Retail Banking compliance teams cannot afford an evasive AI response on a question the regulator has answered in print. FS25/2's '90+' figure is on the FCA website; a compliance-summary that records the AI's 'cannot confirm' position leaves the firm without a verified position on a directly retrievable fact.
Retail Banking compliance teams meeting on the FCA's withdrawn-letter landscape need a clean account; the model's repeated April/August 2025 timeline across two questions strongly suggests the AI's internal representation is fabricated, and any compliance brief that imports it will be wrong in two places, not one.
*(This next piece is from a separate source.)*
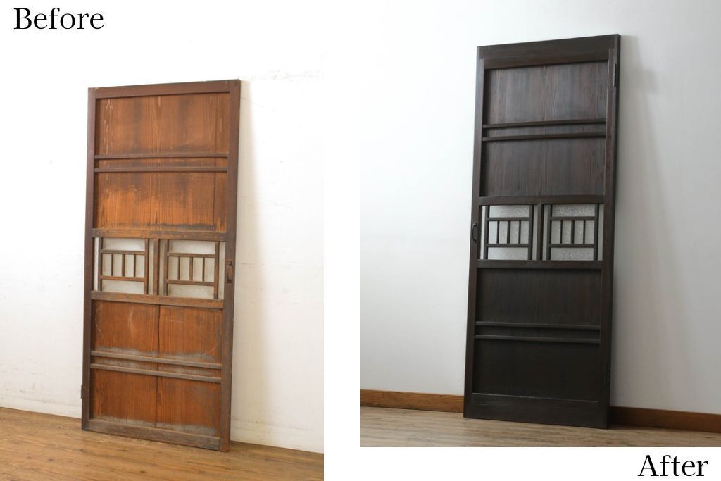 ドア・建具 > 大正期の扉をリペア&カスタム!設置場所に合わせてリサイズ。マグネット式ラッチ金具を取り付け。濃い茶色で着色し仕上げ。(ドア、ガラスドア、片開きドア、木製ドア)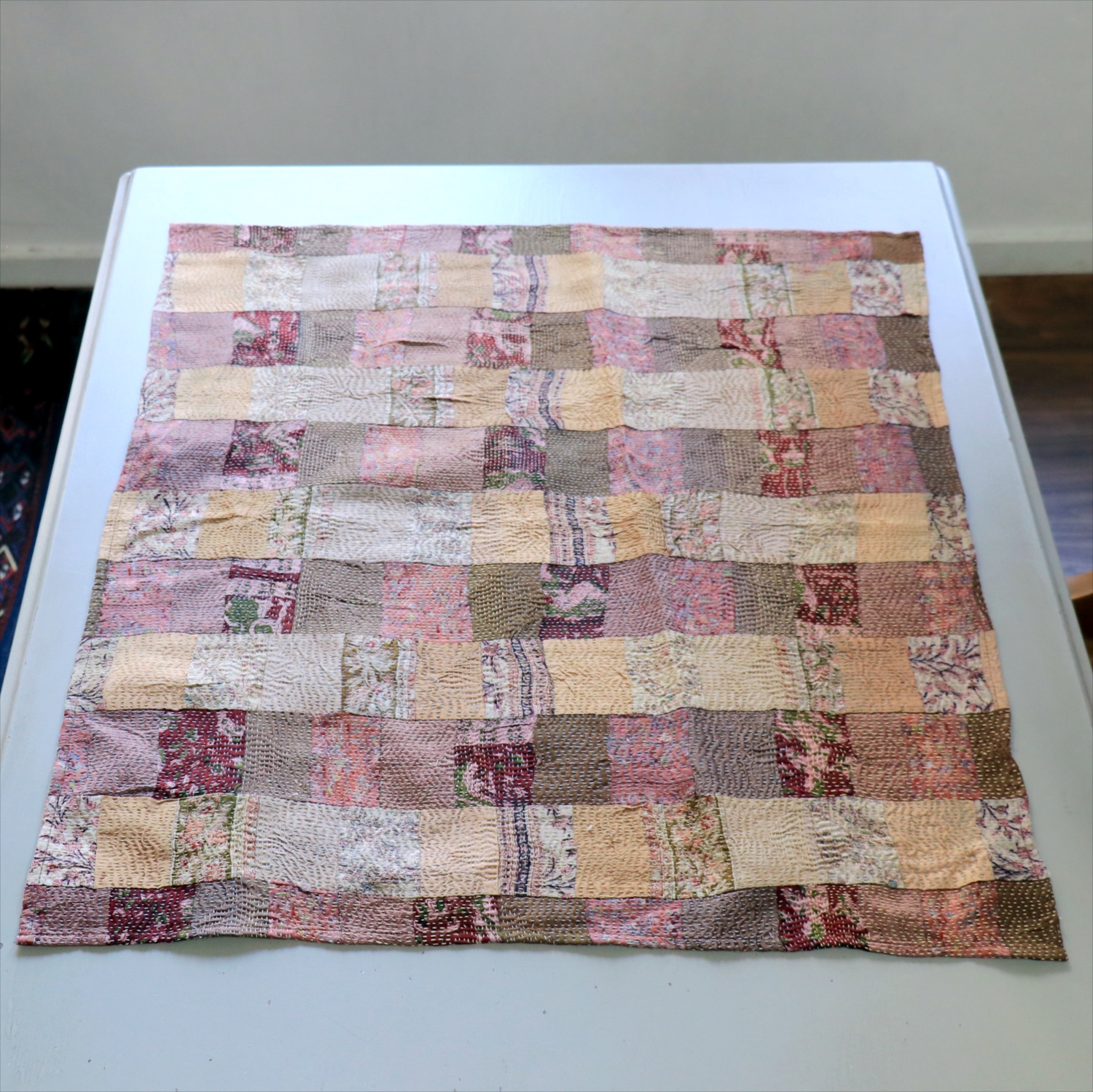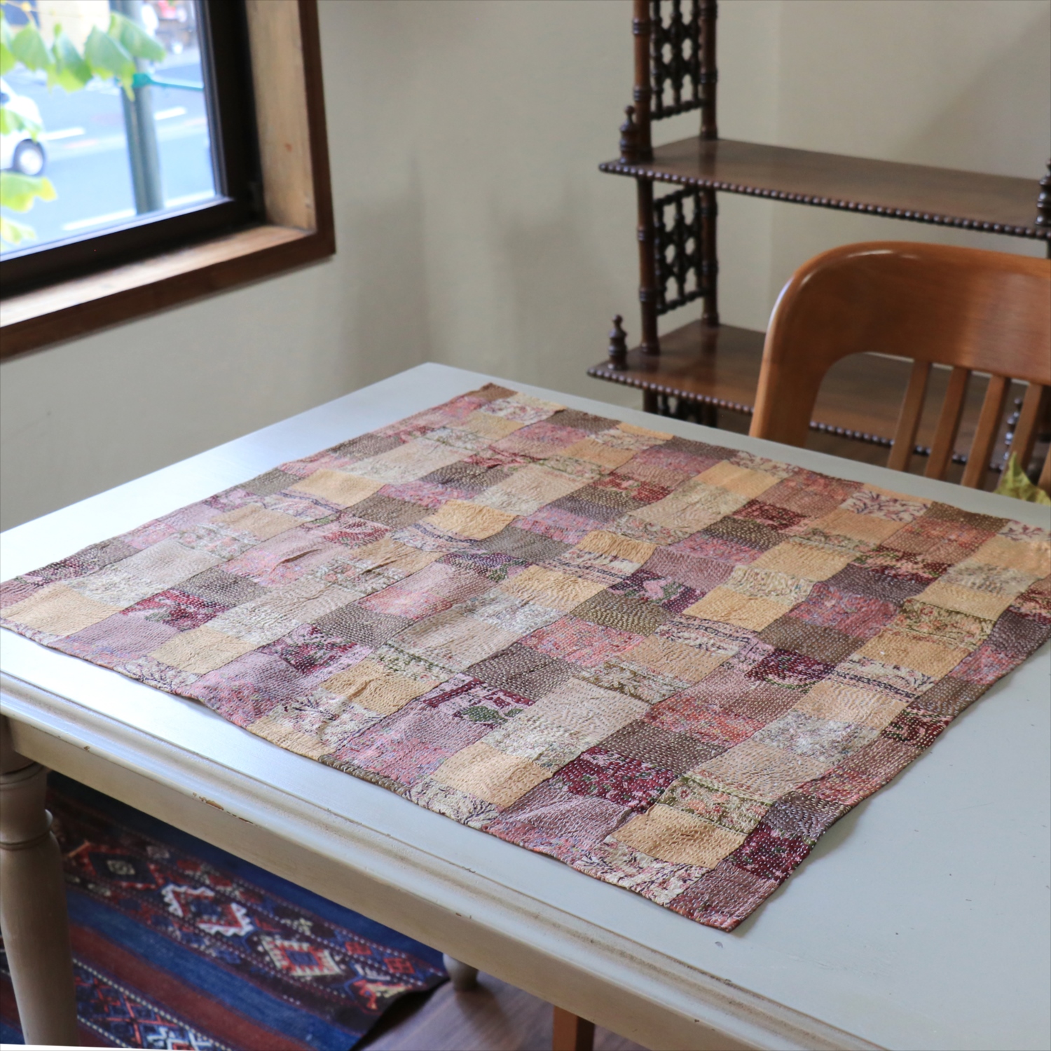 カンタ刺繍 シルク ミニクロス65×60cm<br>パッチワーク モーブ&ベージュ 両面リバーシブル

Retail Banking compliance teams should treat the model's combined evasion-plus-fabricated-citation pattern as the highest-risk failure mode in AI-assisted regulatory work. A compliance brief that includes the fabricated Clifford Chance URL imports a sourcing failure that survives surface review but fails any deeper check.
Every finding on this page compares an AI subject's account of the rule against the regulator's verbatim text from the regulator's own portal. Both are linked. Each delta, its root causes, and impact analysis are documented and published with immutable Citation IDs.